Texas A&M Bonfire Memorial

Arial view of the Texas A&M Bonfire Memorial

Arial view of the Texas A&M Bonfire Memorial

For over 90 years, the annual Bonfire at Texas A&M embodied many layers of meaning centric to the Aggie Spirit – teamwork, leadership, and an enduring sense of tradition. It was passionately observed, and one of the most storied traditions of any college campus in the United States. Tragically, on November 18, 1999, exactly one week before it would be ignited, the Bonfire collapsed killing twelve Aggies and injuring many more.

Ten years later the tragedy was memorialized with the construction of the Bonfire Memorial. The memorial unites all Aggies, past, present, and future by recalling the tradition, history, and spirit of Texas A&M – especially dedication of those involved in the tragic collapse.

Stevens Art Foundry was honored to be chosen to cast all of the 12-foot high bronze inlays that represent the injured and fallen students. For more information about the Bonfire Memorial please visit the Texas A&M website devoted to the memorial, and for the complete story about the tragedy we suggest reading Texas Monthly’s article.
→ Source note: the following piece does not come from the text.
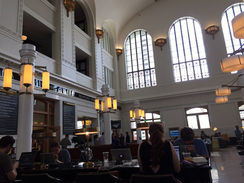 To start the evening, we planned to meet Maureen’s niece Hannah for Happy Hour. Since she lives in Boulder and we live in Lakewood, we arranged to meet at Denver’s Union Station, where our transit options intersect. Union Station now serves as a bus, light rail, and Amtrak terminal and reopened shortly before we left last summer. Thus, this was our first opportunity to see the revamped station. We parked at a station on the West Rail line and rode the light rail in. We were able to navigate buying tickets and finding the platform, but both here and at Union Station we found the signage to be less than ample. Once at the Union Station light rail stop, there is a short walk to the station.

To read a very moving account about the design and construction of the memorial we suggest this article in Texas Monthly.

For information about the sculptor, Erik Christianson, who created the bronze portraits, we suggest this article in the Eagle Staff.

Group of bronze portraits for the Bonfire Memorial

These bronze portraits memorialize the fallen students of the 1999 Bonfire tragedy.